— INPUT FOR THIS TASK —
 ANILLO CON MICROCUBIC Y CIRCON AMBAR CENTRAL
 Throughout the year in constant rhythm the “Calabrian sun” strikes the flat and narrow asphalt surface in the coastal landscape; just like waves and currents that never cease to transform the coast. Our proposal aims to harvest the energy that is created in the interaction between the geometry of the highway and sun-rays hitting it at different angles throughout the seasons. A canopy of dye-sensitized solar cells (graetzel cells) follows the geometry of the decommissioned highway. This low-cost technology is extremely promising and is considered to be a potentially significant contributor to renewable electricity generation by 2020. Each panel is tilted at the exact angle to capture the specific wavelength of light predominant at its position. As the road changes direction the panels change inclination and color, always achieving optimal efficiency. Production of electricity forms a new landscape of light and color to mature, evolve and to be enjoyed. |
--
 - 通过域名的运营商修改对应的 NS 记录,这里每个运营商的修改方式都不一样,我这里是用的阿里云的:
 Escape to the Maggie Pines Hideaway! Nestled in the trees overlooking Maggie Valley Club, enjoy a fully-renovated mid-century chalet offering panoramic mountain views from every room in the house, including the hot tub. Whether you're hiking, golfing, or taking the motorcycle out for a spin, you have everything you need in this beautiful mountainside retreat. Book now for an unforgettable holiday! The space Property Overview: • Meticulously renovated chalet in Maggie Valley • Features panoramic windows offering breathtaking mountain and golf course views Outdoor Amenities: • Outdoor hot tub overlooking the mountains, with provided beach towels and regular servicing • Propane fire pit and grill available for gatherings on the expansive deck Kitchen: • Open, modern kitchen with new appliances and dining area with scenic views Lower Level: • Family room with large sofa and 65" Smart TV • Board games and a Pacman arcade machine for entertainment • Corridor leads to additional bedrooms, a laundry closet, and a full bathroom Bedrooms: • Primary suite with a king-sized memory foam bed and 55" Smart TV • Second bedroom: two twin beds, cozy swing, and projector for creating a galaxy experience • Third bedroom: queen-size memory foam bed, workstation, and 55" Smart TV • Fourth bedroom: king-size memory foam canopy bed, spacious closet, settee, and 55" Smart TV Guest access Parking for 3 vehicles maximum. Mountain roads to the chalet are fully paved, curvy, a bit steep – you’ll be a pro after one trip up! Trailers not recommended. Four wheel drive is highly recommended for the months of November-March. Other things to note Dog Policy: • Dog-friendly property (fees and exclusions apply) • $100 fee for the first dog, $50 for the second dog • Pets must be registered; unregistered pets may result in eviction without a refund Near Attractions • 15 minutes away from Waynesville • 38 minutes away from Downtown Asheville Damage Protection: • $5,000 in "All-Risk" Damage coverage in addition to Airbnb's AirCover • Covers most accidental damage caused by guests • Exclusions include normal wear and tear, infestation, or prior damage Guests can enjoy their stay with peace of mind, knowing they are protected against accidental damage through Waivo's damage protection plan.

— INSTRUCTIONS FOR THE TASK —
Return the span of lines in the data above that opens at the line with "ANILLO CON MICROCUBIC Y CIRCON AMBAR CENTRAL" and closes at the line with "Throughout the year", exactly, ends included, nothing else.

— EXERCISE RESPONSE —
 ANILLO CON MICROCUBIC Y CIRCON AMBAR CENTRAL
 Throughout the year in constant rhythm the “Calabrian sun” strikes the flat and narrow asphalt surface in the coastal landscape; just like waves and currents that never cease to transform the coast. Our proposal aims to harvest the energy that is created in the interaction between the geometry of the highway and sun-rays hitting it at different angles throughout the seasons. A canopy of dye-sensitized solar cells (graetzel cells) follows the geometry of the decommissioned highway. This low-cost technology is extremely promising and is considered to be a potentially significant contributor to renewable electricity generation by 2020. Each panel is tilted at the exact angle to capture the specific wavelength of light predominant at its position. As the road changes direction the panels change inclination and color, always achieving optimal efficiency. Production of electricity forms a new landscape of light and color to mature, evolve and to be enjoyed. |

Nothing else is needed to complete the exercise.